You will want multiple files. Typically, my data lakes have multiple zones. The first zone is Raw. It contains a copy of the source data organized into entity/year/month/day folders where entity is a table in your SQL DB. Typically, those files are incremental loads. Each incremental load for an entity has a file name similar to Entity_YYYYMMDDHHMMSS.txt (and maybe even more info than that) rather than just Entity.txt. And the timestamp in the file name is the end of the incremental slice (max possible insert or update time in the data) rather than just current time wherever possible (sometimes they are relatively the same and it doesn't matter, but I tend to get a consistent incremental slice end time for all tables in my batch). You can achieve the date folders and timestamp in the file name by parameterizing the folder and file in the dataset.

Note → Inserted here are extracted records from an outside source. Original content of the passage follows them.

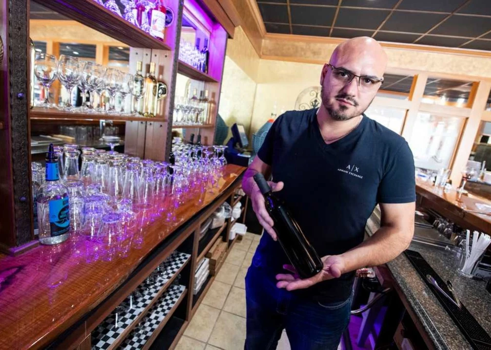 Vito Serradella, co-owner of the Wood Fire Italian Grill on Pauline Drive is offering guests a glass of homemade wine with their wood fire pizzas. “The wood fire brings the aroma,” Serradella said. “It is a culture. It is a whole different experience here.”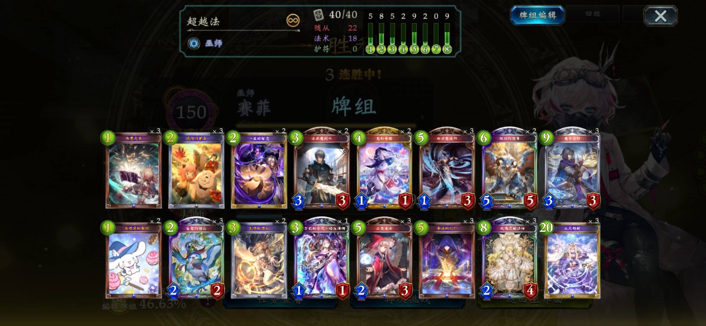 3日连胜合集总数(括号内为无限):51(7),其中妖1(1)皇4(0)法6(4)龙5(0)死4(0)鬼26(0)教2(0)鱼3(2)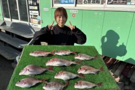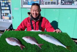 船外機ボートで稲森さんがマダイ、ツバス、メイチをゲット。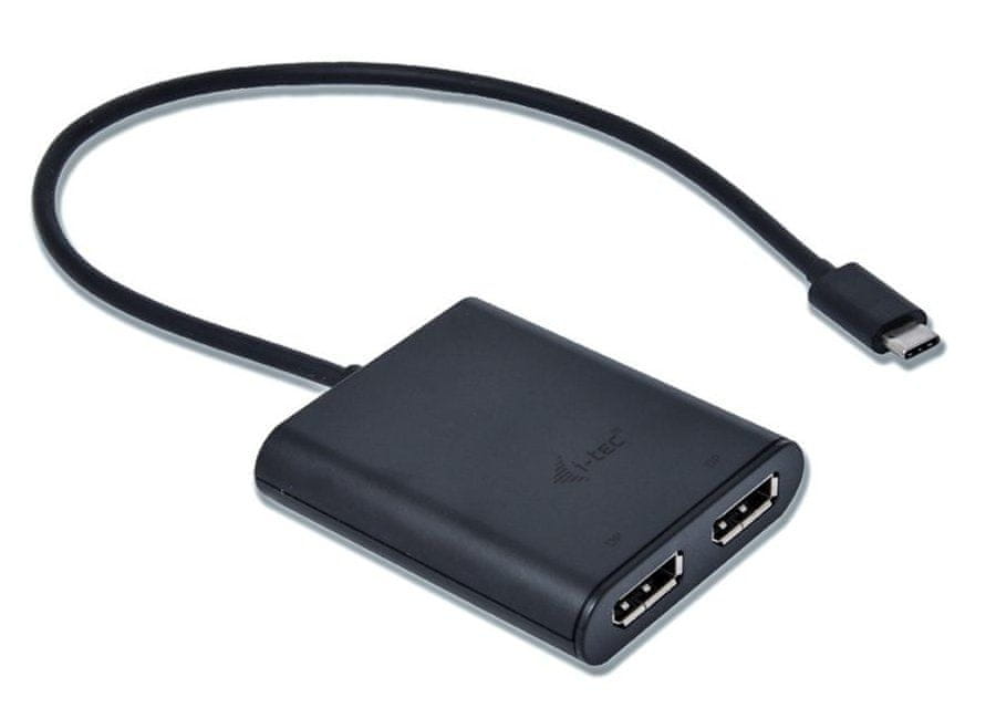 I-TEC-ov adapter USB-C na dvojni DisplayPort omogoča razširitev namizja z dvema zunanjima monitorjema DisplayPort prek priključka USB-C ali Thunderbolt 3. Adapter podpira prenos ločljivosti 4K Ultra HD do 3840 × 2160 slikovnih pik pri 30 Hz, vključno z zvočnim signalom. Z njim lahko uživate v filmih na domačem projektorju, namizni računalnik spremenite v razširjeno delovno postajo ali izvajate predstavitve v šoli ali službi. Na prenosne računalnike Apple lahko priključite samo en monitor, saj noben adapter USB-C ne podpira povezave dveh monitorjev v operacijskem sistemu Mac OS, temveč samo adapter Thunderbolt 3.

Melissa Coates has two good articles on Azure Data Lake: Zones in a Data Lake and Data Lake Use Cases and Planning. Her naming conventions are a bit different than mine, but both of us would tell you to just be consistent. I would land the incremental load file in Raw first. It should reflect the incremental data as it was loaded from the source. If you need to have a merged version, that can be done with Data Factory or U-SQL (or your tool of choice) and landed in the Standardized Raw zone. There are some performance issues with small files in a data lake, so consolidation could be good, but it all depends on what you plan to do with the data after you land it there. Most users would not access data in the RAW zone, instead using data from Standardized Raw or Curated Zones. Also, I want Raw to be an immutable archive from which I could regenerate data in other zones, so I tend to leave it in the files as it landed. But if you found you needed to consolidate there, that would be fine.
Change tracking is a reliable way to get changes, but I don't like their naming conventions/file organization in their example. I would make sure your file name has the entity name and a timestamp on it. They have Incremental - [PipelineRunID]. I would prefer [Entity]_[YYYYMMDDHHMMSS]_[TriggerID].txt (or leave the run ID off) because it is more informative to others. I also tend to use the Trigger ID rather than the pipeline RunID. The Trigger ID is across all the packages executed in that trigger instance (batch) whereas the pipeline RunID is specific to that pipeline.
If you can't do the change tracking, the watermark is fine. I usually can't add change tracking to my sources and have to go with watermark. The issue is that you are trusting that the application's modified date is accurate. Are there ever times when a row is updated and the modified date is not changed? When a row is inserted, is the modified date also updated or would you have to check two columns to get all new and changed rows? These are the things we have to consider when we can't use change tracking.
To summarize:
Load incrementally and name your incremental files intelligently
If you need a current version of the table in the data lake, that is a separate file in your Standardized Raw or Curated Zone.